Silas leaned against the worktable and focused downwards to the glass vials filled with a copper liquid that gave off a faint spicy scent. He shifted his jaw, working to control the desire to smile.

“Perhaps we can establish that you don’t know me very well at all,” he said, fingers tapping against the tabletop.

When he looked up, Amelia watched him curiously, standing before his large chalkboard that stretched across one wall. It was home to his detailed notes on magical equilibrium, outlining his theory on a possible connection between the Monolith’s that no scientist had yet figured out. Certain phrases had been aggressively underlined, while other words were smudged where he had erased entire sections in his frustration, only to rewrite it again.

His research on the Monoliths had been his most challenging venture to date.

Four arcane lamps hung from the ceiling, their crystals resolutely glowing. Though recently, they had been flickering more often, a worrying nod to the weakening magic.

Silas unslung his pack, removing the covered blades. Amelia wandered back over as he carefully unwrapped them, holding his breath.

They lay innocently, the golden blade catching the light, while the dark blade seemed to absorb light.

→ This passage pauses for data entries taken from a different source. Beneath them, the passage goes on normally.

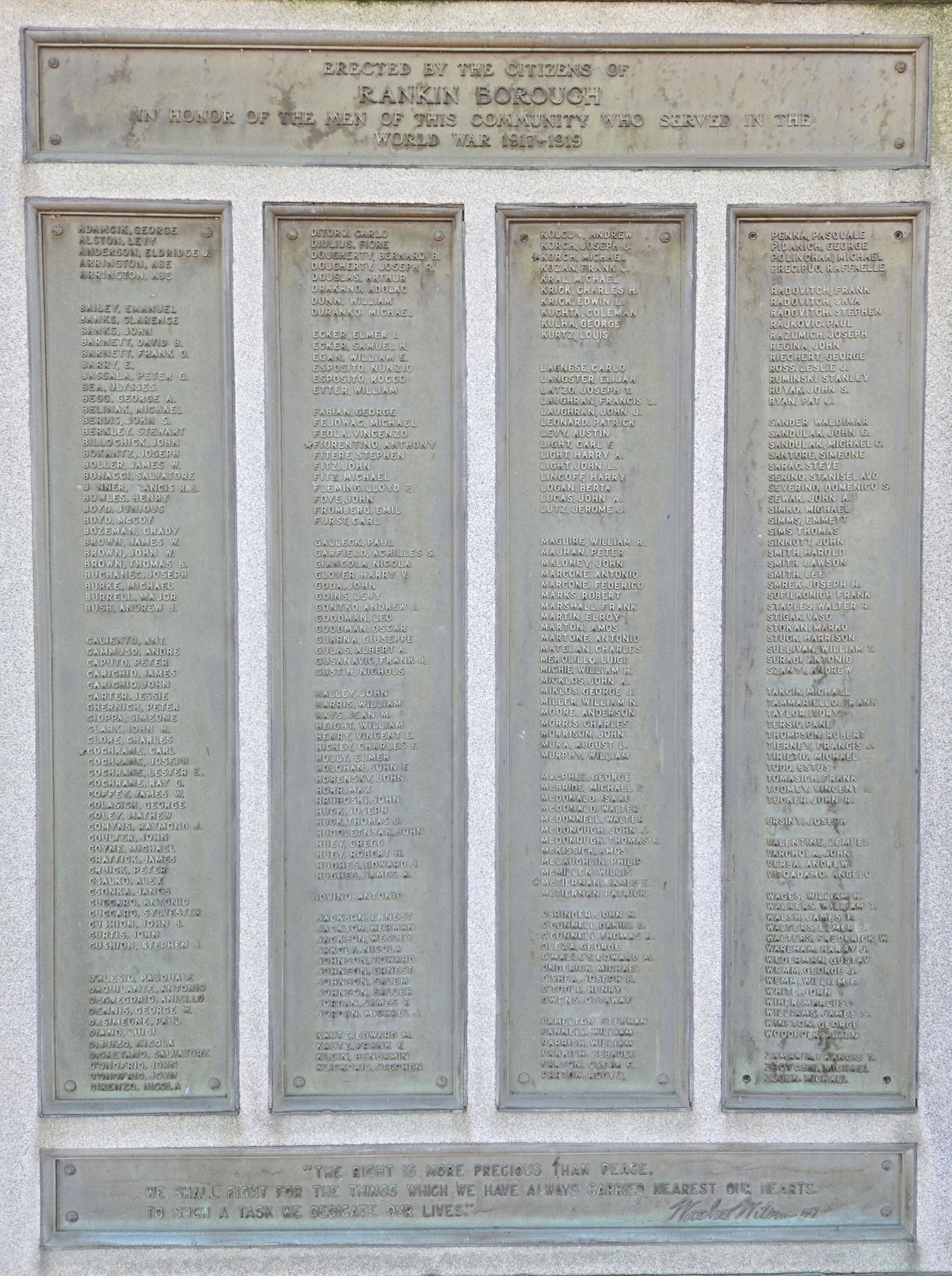 RANKIN BOROUGH WORLD WAR VETERANS MEMORIAL CLOSE-UP
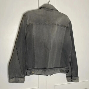 Mix of denim washes, dyed panel features on the hem and cuffs, 2 patch pockets and 2 welt pockets. Fold-over collar and buttoned placket. Long sleeves. Size XS.
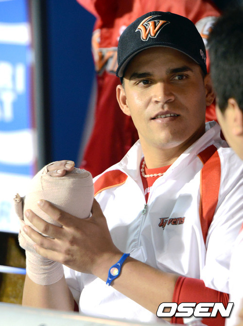 9일 오후 서울 잠실구장에서 열린 '2012 팔도 프로야구' 두산 베어스와 SK 와이번스의 경기 SK 마리오가 덕 아웃에서 선수들과 이야기를 나누고 있다.
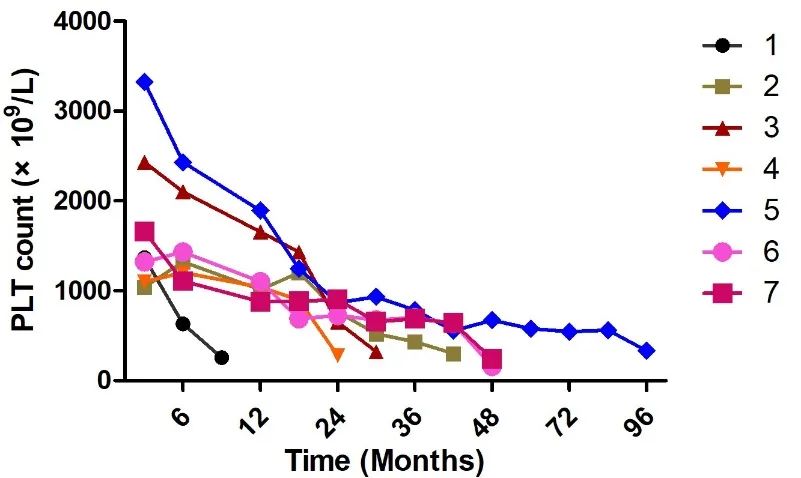 图2. 自发性血小板缓解的7例儿童的血小板趋势图。
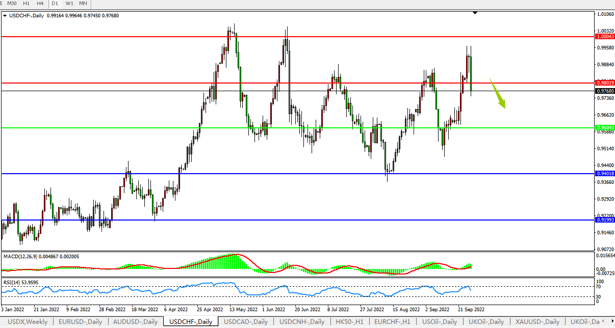 交易策略:0.9600上方看涨,目标0.9800,1.0000
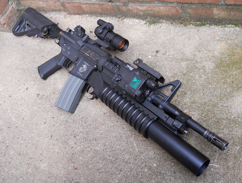 M4— укороченная версия M16A2. Ствол короче, дульный тормоз усилен, приклад телескопический, ручка для переноски съемная, на планке Пикатинни.
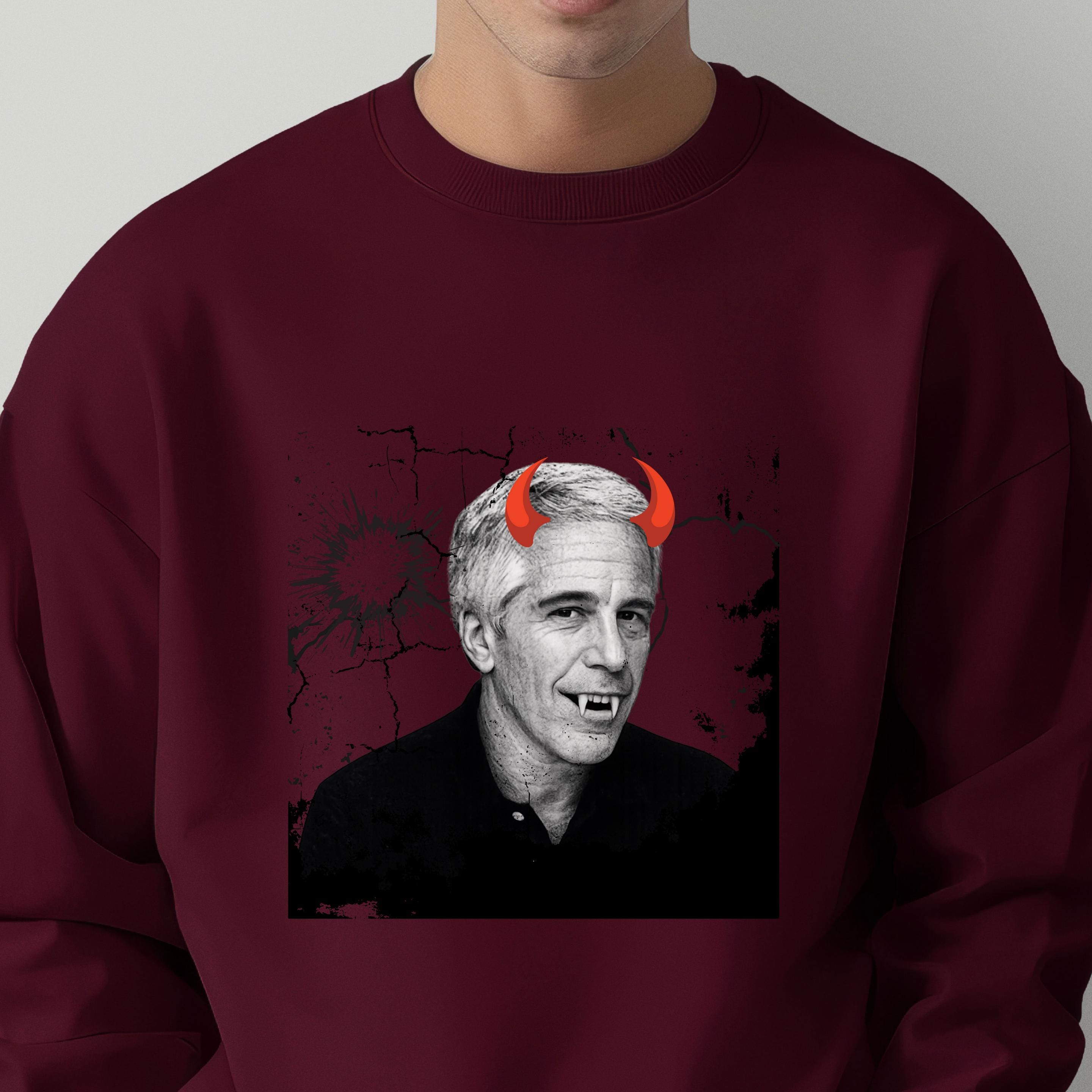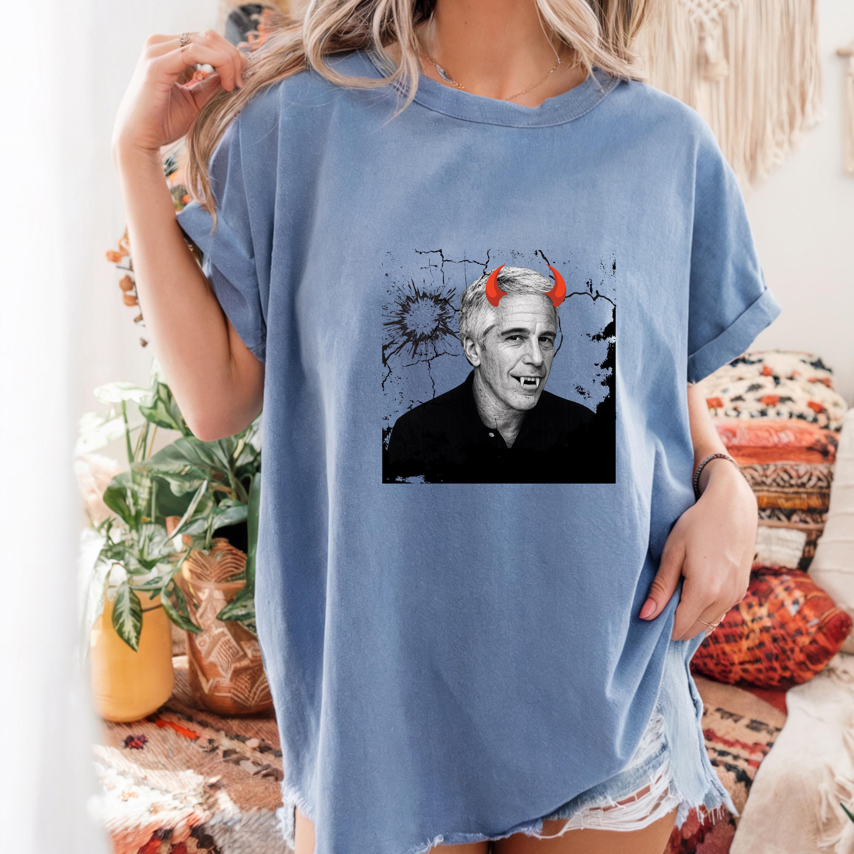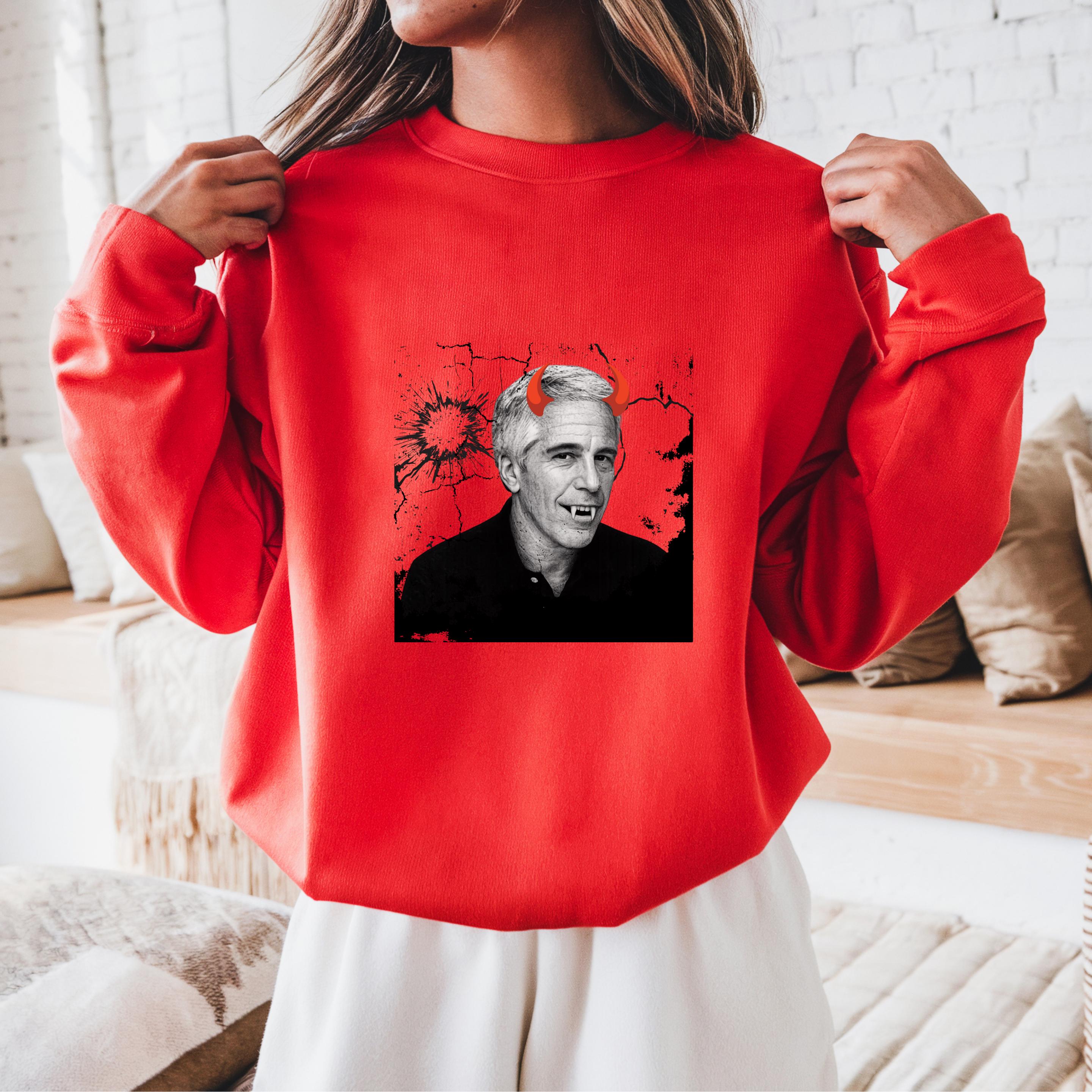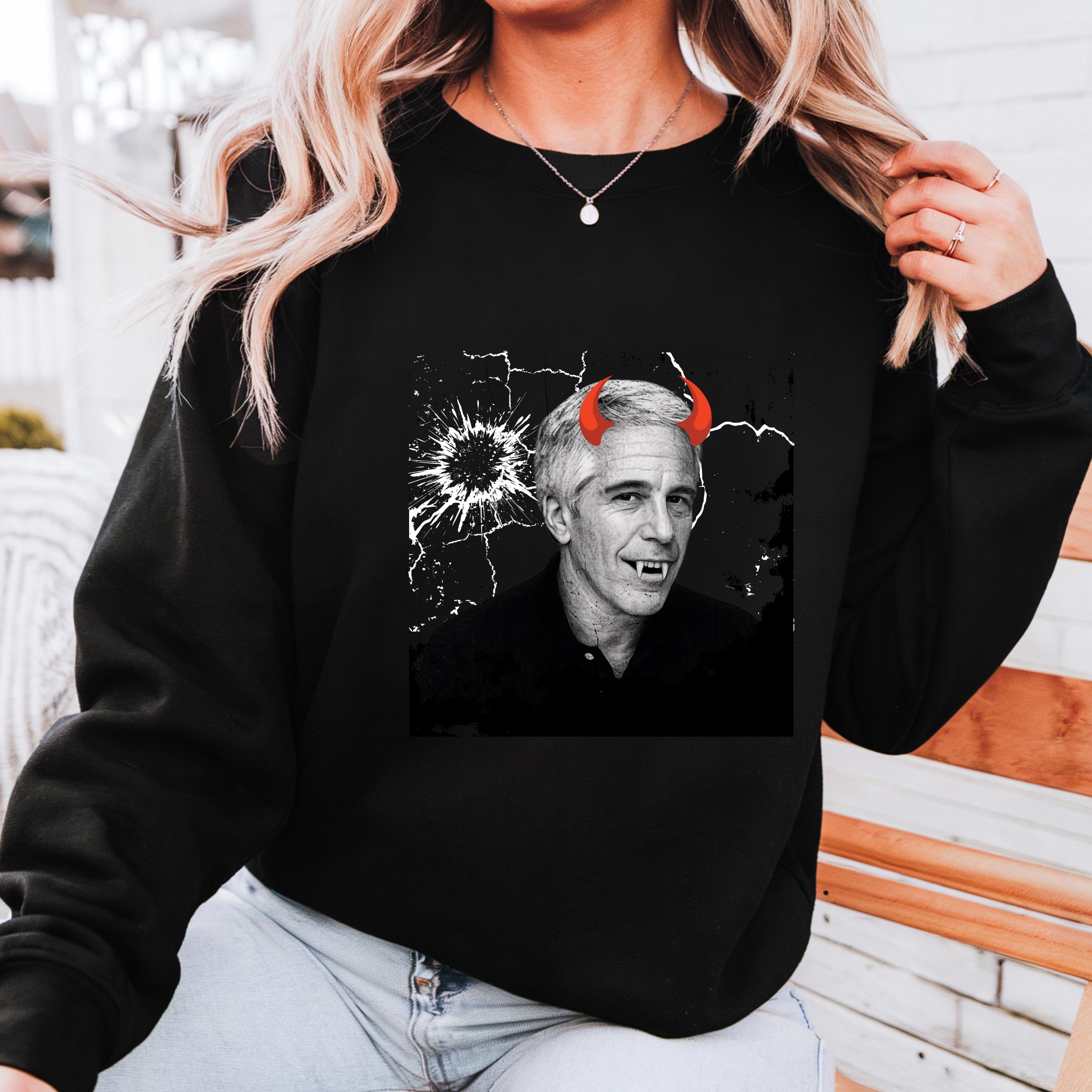 The added red devil horns sharpen the message: this is not just a portrait, but a visual indictment of systems that protect abusers rather than victims. The minimalist black-and-white base ensures the design reads clearly on both black and light garments, making it versatile for streetwear, protest attire, or statement fashion.

Amelia shifted closer to observe them, her shoulder nudging his. He found his gaze drifting from the daggers that had changed the course of their lives to glance quietly at her, sure that she had never willingly stood so close to him.

“So small to cause such a large disaster,” she said with an equal measure of lingering fear and awe as she took in the delicate design of the blades.

He lifted a corner of his mouth. “Sounds a bit like you.”

She met his eyes, mischief in her expression. “Well, I am a storm, right?”

His half-smile grew. “Undoubtedly.”

The moment drew on, gazes held. Silas’ hand curled atop the table, curiosity mounting to know what she was thinking. Her eyes dipped to his mouth before darting back to the blades, and he felt it. A swooping sensation across his stomach, one that wasn’t his.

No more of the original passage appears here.